Description:
Imperial Sun Trochus
Hand coloured copper plate engraving
From:
The Naturalist’s Repository by Edward Donovan, 1823.
Artist:
Edward Donovan.
Addional Notes:
Edward Donovan (1768-1837) was a wealthy prominent naturalist who had an entree to all the great collections of the time. He drew the subjects for his illustrations
from his own museum and the collections of such famous scientists as Sir Joseph Banks and Drury. Banks
collected a number of specimens of the famous New Zealand rarity, the Imperial Sun Shell, while with Captain
James Cook in New Zealand. ...the — pink variety — which was brought up on the anchor cable of either the
Adventure or Discovery and bought by a Sir Ashton Lever from Cook or Cook’s widow.

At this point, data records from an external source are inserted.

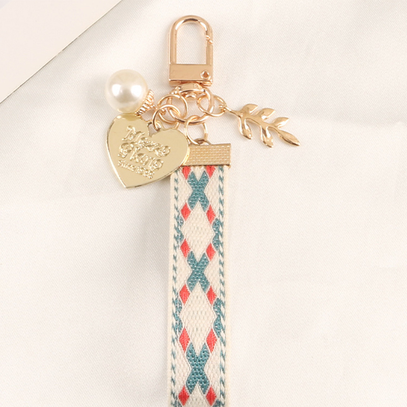 Porte-clés tissu, alliage de zinc, avec tissu & perle de plastique, unisexe & styles différents pour le choix, key clasp length 50-110mm, Vendu par PC
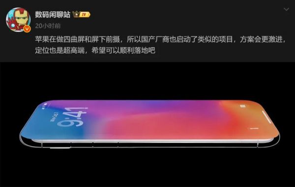 近日,博主@数码闲聊站也对周年版iPhone进行了爆料,透露了相关进度,表示苹果已在测试四曲面屏幕,以及屏下前置摄像头技术。
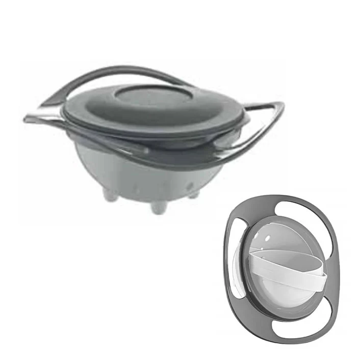 Babyjem činija za hranjenje Grey ima dizajn koji se okreće za 360 stepeni tako da hrana vaše bebe se ne može prosuti.Zahvaljujući jarkim bojama, pažnja vaše bebe je usmerena na tanjir sa hranom.Ima poklopac, može se koristiti kao kontejner za skladištenje zatvaranjem poklopca činije.
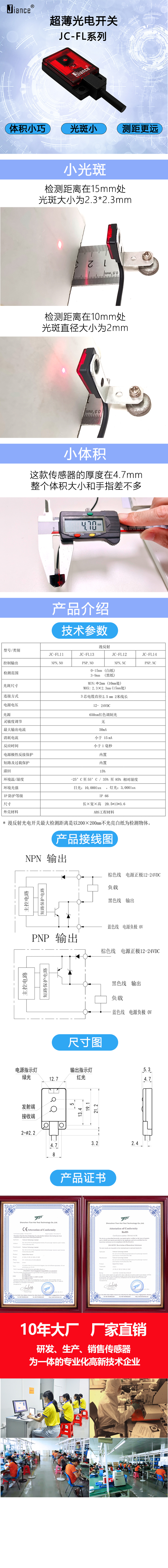 超薄光電開關JC-FL系列,可替代同款歐姆龍產品

The shell was sold
in 1806 to J.J.A. Filliham for 23 guineas and from him it went to the Duke of Bourbon who was then living in England. It was sold again on the latter’s return to France and later reached the British Museum where it remains today. During its time in the Leverian Museum
it was painted by Alexandre Chevalier de Barde, a noted French natural history painter and was illustrated yet again by Donovan in The Naturalist’s Repository or Miscellany of Exotic Natural History Exhibiting Rare
and Beautiful Specimens of Foreign Birds, Insects, Shells published in 1823 in London. It comprised five volumes
with 180 hand coloured engravings.
Reference: The Southern Ark, Zoological Discovery In NZ, J.R.H. Andrews, 1986 .
Display &
Framing Notes:
Do not hang in direct sunlight.
This print should be framed with acid free archival matting and archival glass.